Residents say the area around Las Virgenes Road was covered in fog at the time. The little valley is effectively the upper end of Malibu Canyon, which climatologists say could channel marine moisture through the mountains.
Stephen LaDochy, a climatology professor at Cal State L.A. who has studied marine layer movements, said that conditions can change abruptly in the uneven Southern California terrain.
"You have competing things going on at the same time," he said. "The inversion layer is heavier, drier air sinking down, while the marine layer is pushing up. It is a battle zone between the uplift and the sinking motion of the marine layer."
Beker, the pilot, said clouds will also roll right over the mountaintops, creating a swell. He said Zobayan appears to have been flying just above the cloud tops, which can be disorienting. "It's really easy to get tricked," he said. "You don't have a horizon."
He said at this angle it would be hard to notice any upward curve of the cloud deck where it rode over the mountains. "Suddenly you're in the cloud."
Zobayan climbed from 1,250 feet to 2,125 feet, slowing down to 126 mph. Then he veered south and plummeted.
Aviation consultant William Lawrence, a retired Marine Corps colonel and helicopter test pilot and instructor, said the S-76B's steep climb and rapid descent probably was triggered by the pilot's sudden realization that he was too close to the ground.
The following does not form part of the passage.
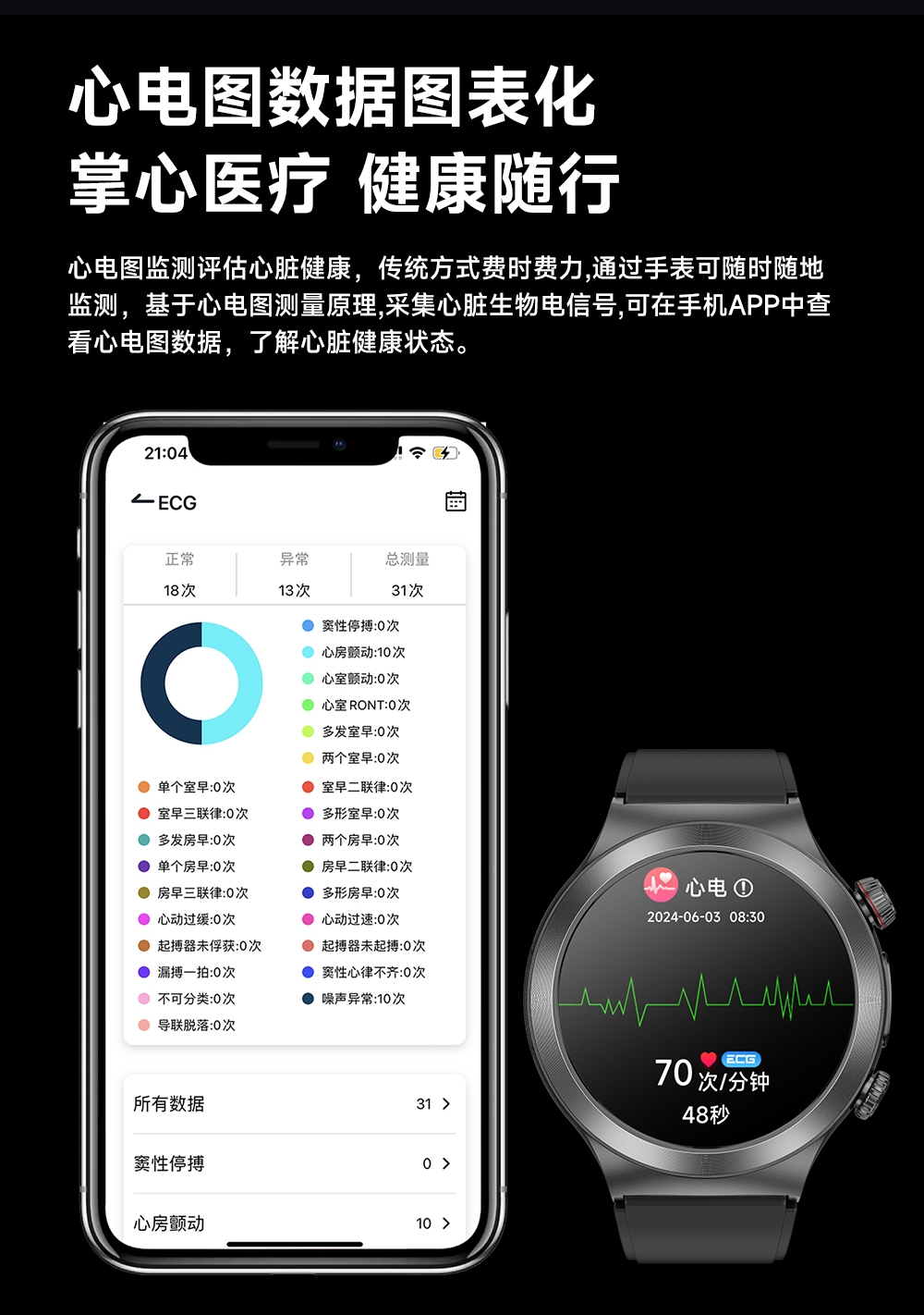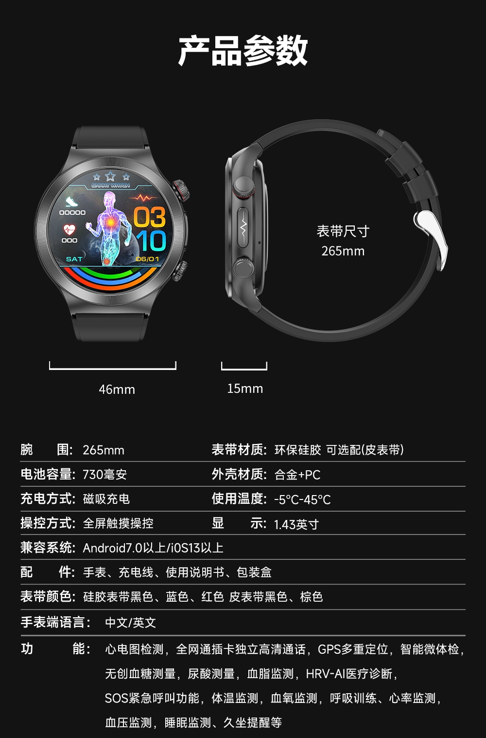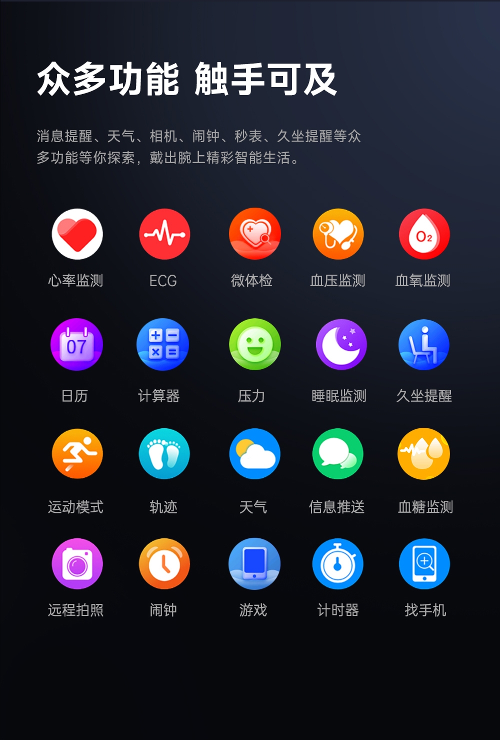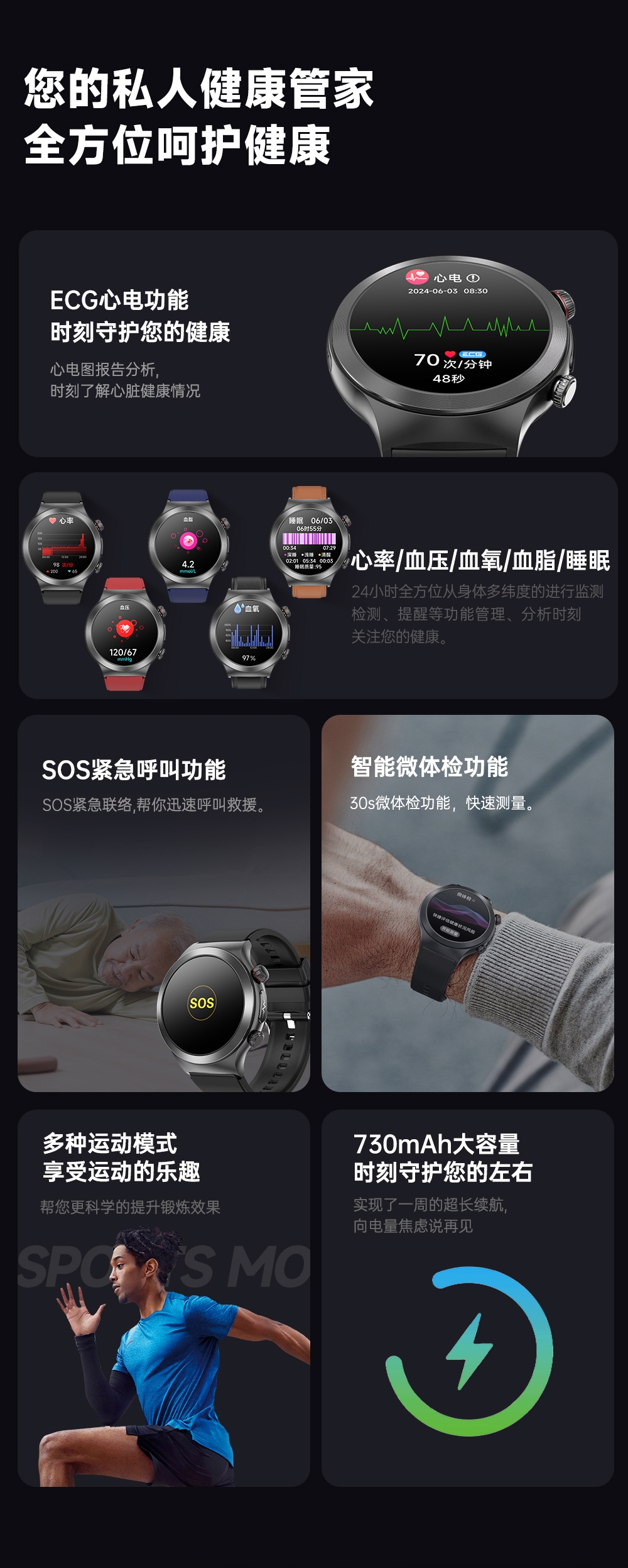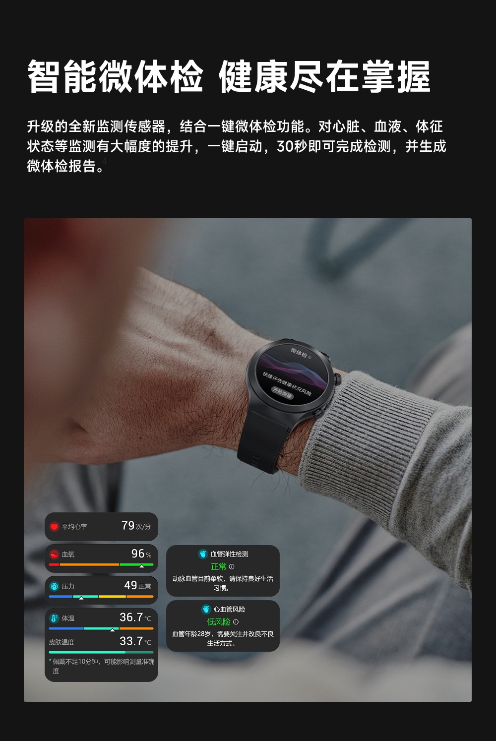 智能微体检功能 30s微体检功能,快速测量。;多种运动模式享受运动的乐趣;智能微体检 健康尽在掌握

In addition to a warning from air traffic control that he was too low to be seen on radar, the pilot also might have been alerted by a ground proximity warning system telling him to pull up, Lawrence said.
Deetz said the aircraft was outfitted with such a device. It would squawk "Terrain! Terrain! Terrain!" in a high-pitched voice if the craft came close to the ground or an obstacle. He said the alert was triggered so often by high-rise buildings that pilots sometimes shut off the audio.
As the helicopter rapidly rose into the clouds in a "zoom climb," Lawrence said, the pilot could have become spatially disoriented as he peered from the helicopter to get his bearings, a condition involving the inner ear that can result in the inability to tell up from down. In some instances, pilots trying to level their aircraft have wound up "punching the nose over" and sending it plummeting into the ground.
"Spatial disorientation can happen really, really quick," said Lawrence, a seasoned accident investigator, noting that pilots are trained to react by relying on their instrument readings.
"The only way you live is to pay attention to your instruments," Lawrence said.
It's also possible that the helicopter experienced a mechanical malfunction that resulted in the pilot's loss of control, he said.
Jerry Kocharian, 62, was standing outside the Church in the Canyon drinking coffee when he heard a helicopter flying unusually low and seeming to struggle.
"It wasn't sounding right, and it was real low," Kocharian said. "I saw it falling and spluttering. But it was hard to make out as it was so foggy."
The helicopter vanished into the sheet of fog, then there was a boom and "a big fireball," he said.
"No one could survive that."
(Times staff writers Richard Winton and James Rainey contributed to this report.)